Southern Rep to Open Southern Premiere of Relativity by Cassandra Medley
Macbeth at the Gates to move to 2007-2008 Season
New Orleans—Southern Rep, in cooperation with Ensemble Studio Theatre/Alfred P. Sloan Foundation Science and Technology Project, will present the Southern Premiere of Cassandra Medley’s Relativity. The production will run May 30 through June 24, 2007, with performances on Thursdays through Saturdays at 8 pm and Sundays at 3 pm.
Macbeth at the Gates, a Sandi Rhodes Production which was to premiere as part of the City Series, has been moved from its original dates of May 31 through July 1 to January 2008 due to director Roy Marsden being cast in a British television series.
Relativity, originally commissioned by the Ensemble Studio Theatre/Alfred P. Sloan Science & Technology Project (EST/Sloan Project) has been funded by the EST/Sloan National Partnership for New Plays Mainstage Initative. Inaugurated in 1998, The EST/Sloan Project is designated to stimulate artists to create credible and compelling work exploring the worlds of science and technology and to challenge the existing stereotypes of scientists and engineers in the popular imagination. The play was initially produced at Ensemble Studio Theater in New York as part of the First Light Festival. It then received subsequent productions in San Francisco at the Magic Theatre and at St. Louis Black Rep.
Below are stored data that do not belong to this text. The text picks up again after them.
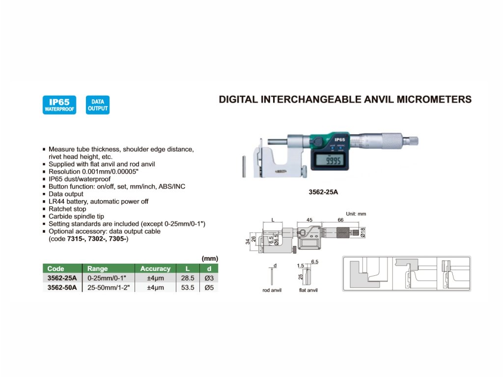 Az Insize digitális speciális mikrométer cserélhető ülékkel a szegecsfej magasság mérésére alkalmas. 25-50 mm tartományú, 0.001 mm felbontással, racsnis stoppal és keményfém mérőorsóval rendelkezik.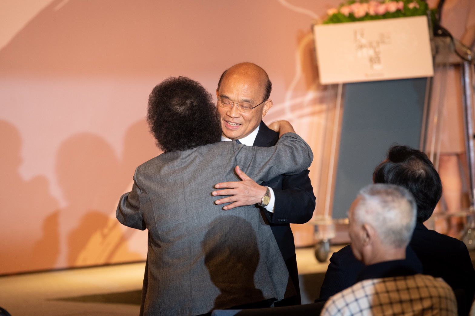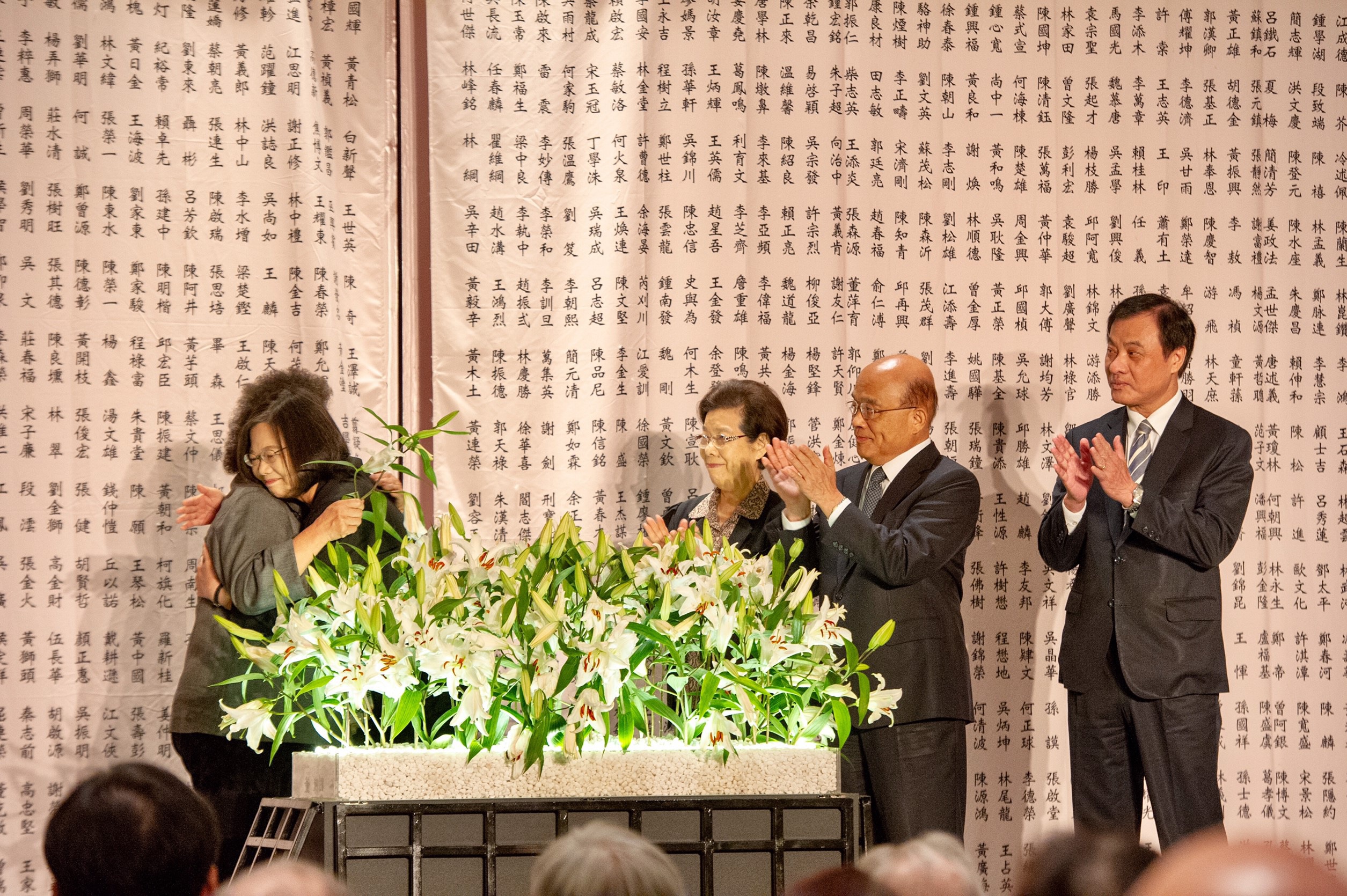 蘇院長呼籲台灣人要看得清楚、要知道過去,要知道是幾代人的犧牲,如陳菊秘書長等前輩犧牲奉獻在前,這麼多後進堅定追隨他們的腳步,「番薯不怕落土爛,只求枝葉代代傳。」台灣人要勇敢、要堅毅,才能守住。民主自由是如此不容易,希望台灣人要團結、要打拚,才能繼續向前行。最後,蘇院長給予陳秘書長一個大大的擁抱,畫面令人動容。蘇院長也一一為受難者們送上百合花,並對他們說聲「辛苦了」。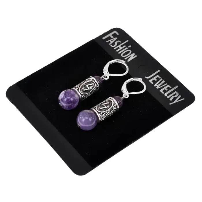 Серьги-амулеты с руной Соулу (Сила, энергия, здоровье, успех, победа), аметист SERS001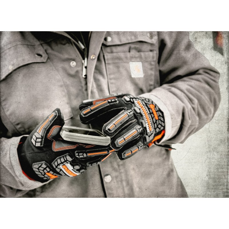• Heavy duty TPR on fingers, thumb, and knuckle bar provides impact protection.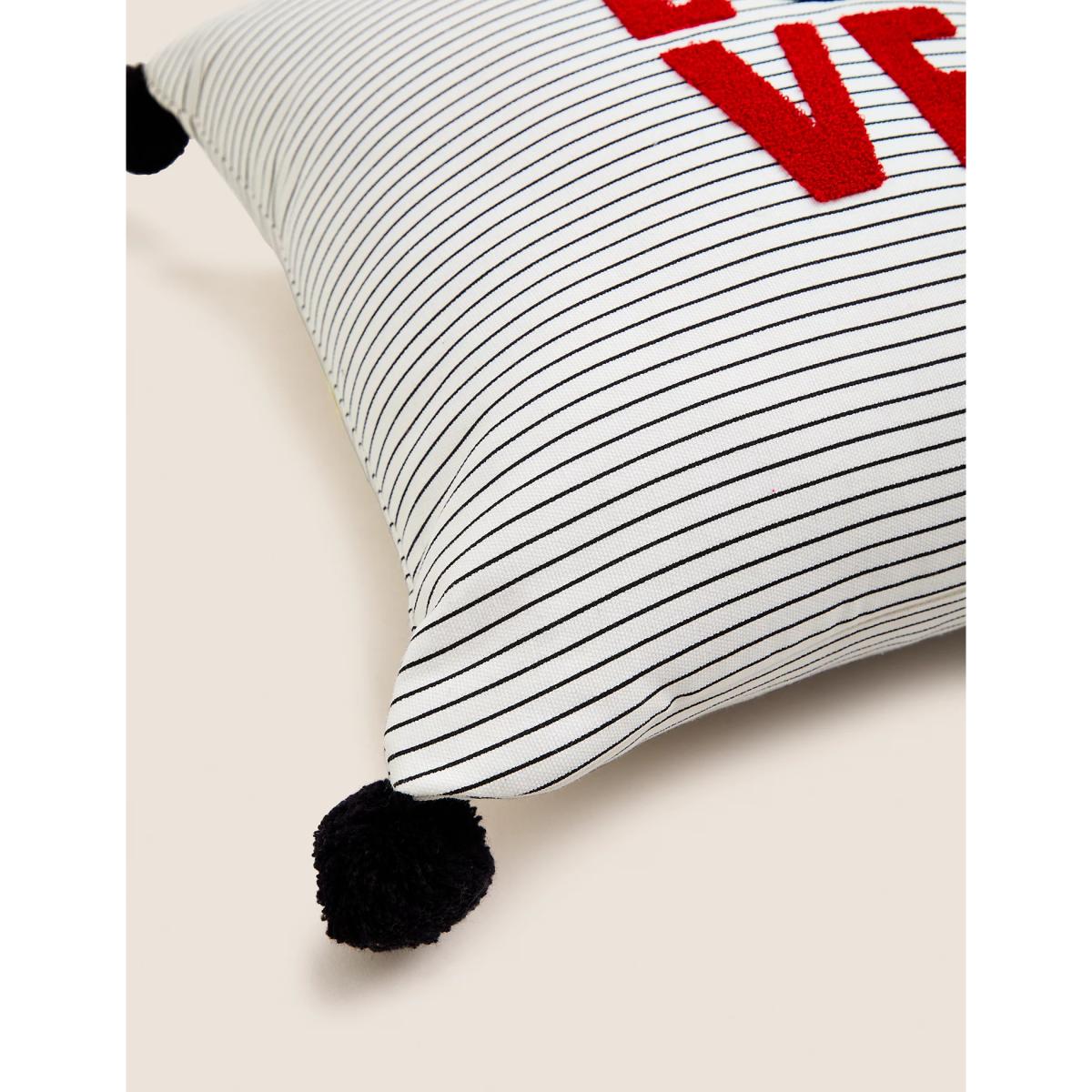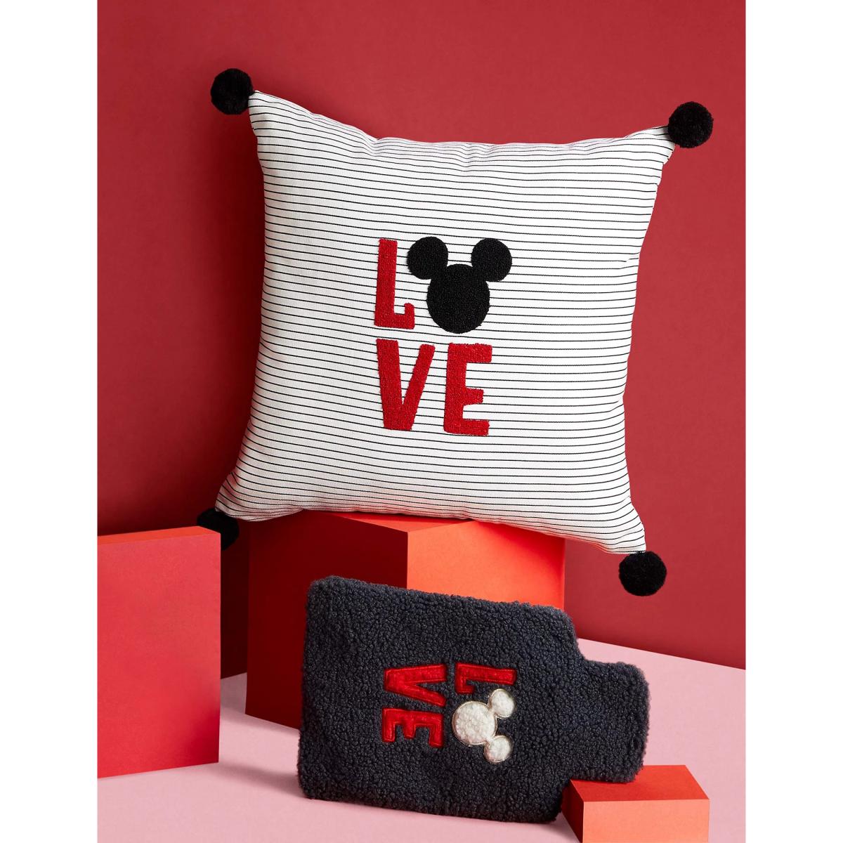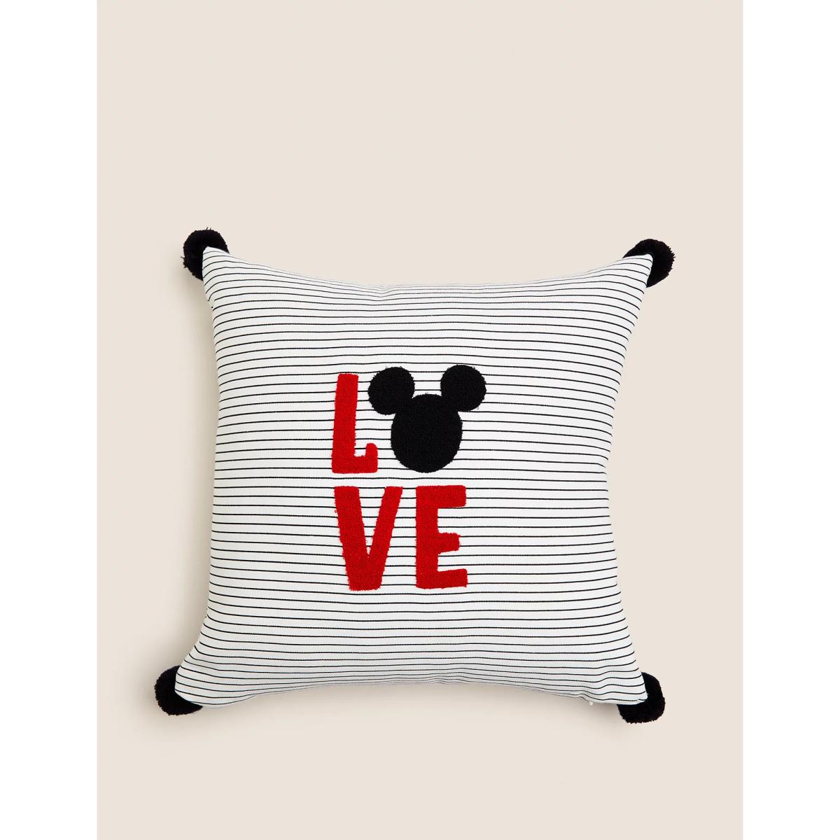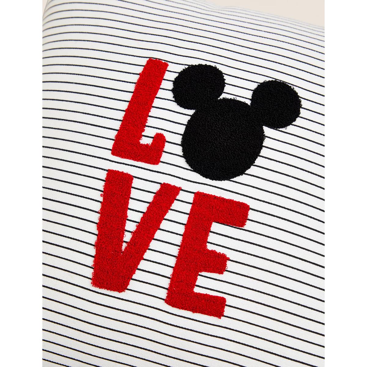Treat your Disney-loving Valentine to this medium-sized Mickey Mouse™ scatter cushion. It has a striped cotton cover, with a 'LOVE' slogan embroidered onto the front, and contrast detailing on the corners.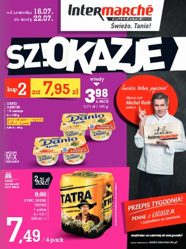 {loadposition linkIntermarche} Nowa gazetka promocyjna sieci handlowej Intermarche - "Sz!Okazje". Polecane promocje z gazetki Intermarche: Danio Danone 8x140 g - 7,95 zł. Piwo Tatra 4x500 ml - 7,49 zł. Pasta do zębów Colodent 100 ml - 2,99 zł. …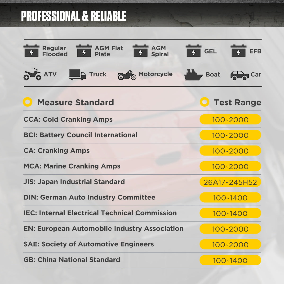 A BT860 széles körben alkalmazható személyautókhoz, motorkerékpárokhoz, teherautókhoz, SUV-okhoz, hajókhoz és más 12V/24V akkumulátoros rendszerekhez. Támogatott szabványok: CCA, IEC, EN, DIN, JIS.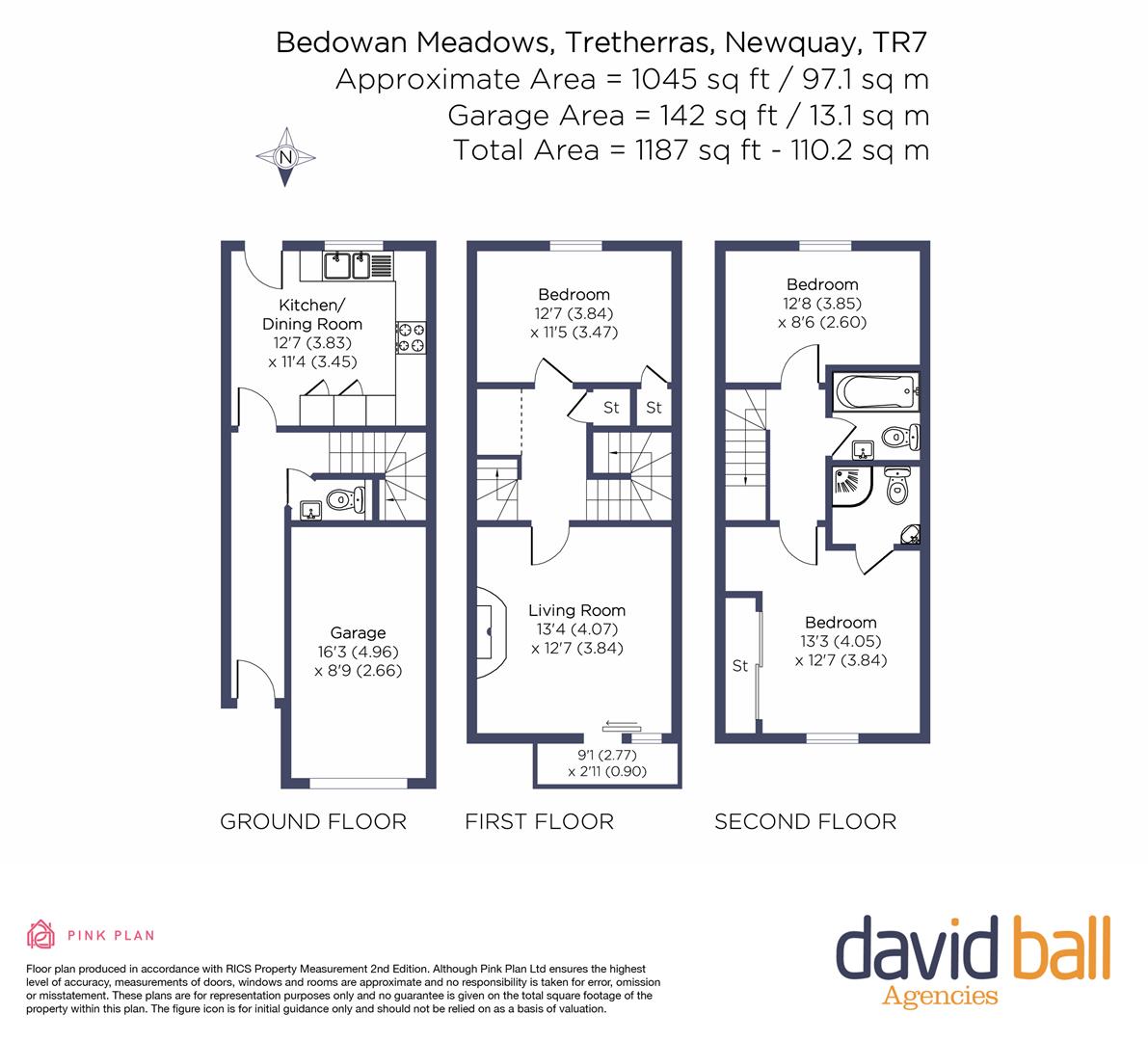 The second floor hosts two further double bedrooms, including a superb principal bedroom with wardrobes, alongside a stylish family bathroom with a bath and shower over.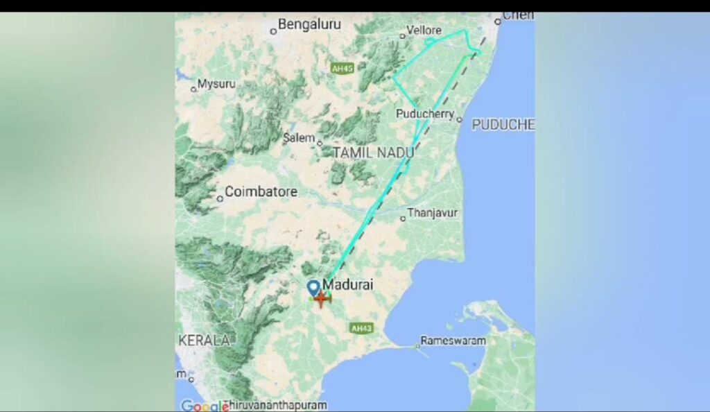 காலை ஏழு 40 மணியளவில் சென்னையிலிருந்து மதுரை வந்த இண்டிகோ விமானம் மதுரையில் இருந்து காலை 8 10 மணிக்கு புறப்பட்டு சென்னை சென்றது. சென்னையில் பெங்கல் புயல் காரணமாக ஏற்பட்ட வானிலை மாற்றத்தால் தரையிறங்க முடியாமல் சென்னையில் இருந்து மீண்டும் மதுரை வந்தடைந்தது.

Relativity explores provocative issues of race and science. Stem-cell research, bio-determinism, racial genetics and the validity of genome-politics are a few of the current controversial issues debated in Medley’s divisive world. Kalima, an African-American genetic researcher, whose activist parents founded the Melanin Project Institute, is forced to choose between the scientific theories of her parents versus the opposing view of her mentor. This triangle is further complicated by Kalima’s boyfriend, a fellow researcher at Johns Hopkins who is white. Kalima has been groomed to take over the Institute but now has proof that her father was beginning to doubt the validity of his theories.
The New York Times said, “Relativity…offers dandy fringe benefits to go along with the heady science: …two especially dazzling scenes…the play is so entertaining.”
San Francisco Chronicle noted, “Relativity is a full-fledged drama bristling with challenging ideas and emotional complexity. It's a brave play. Not only has Medley set her drama, as one character puts it, `on the cut of the cutting edge’ of research, but she's also grappling with the very touchy subject of reverse racism.”
A playwrighting professor at Sarah Lawrence College, Cassandra Medley’s plays include Ms. Mae, one of several individual sketches which comprise the Off-Broadway musical, A....My Name is Alice, which received the 1984 Outer Drama Critics Circle Award, and is still currently touring regional theatres and Europe. Ms. Medley’s work has been supported by the New York Foundation for the Arts, New York State Council on the Arts, the National Endowment for the Arts, as well as receiving the New Professional Theatre Award, and a Marilyn Simpson Award.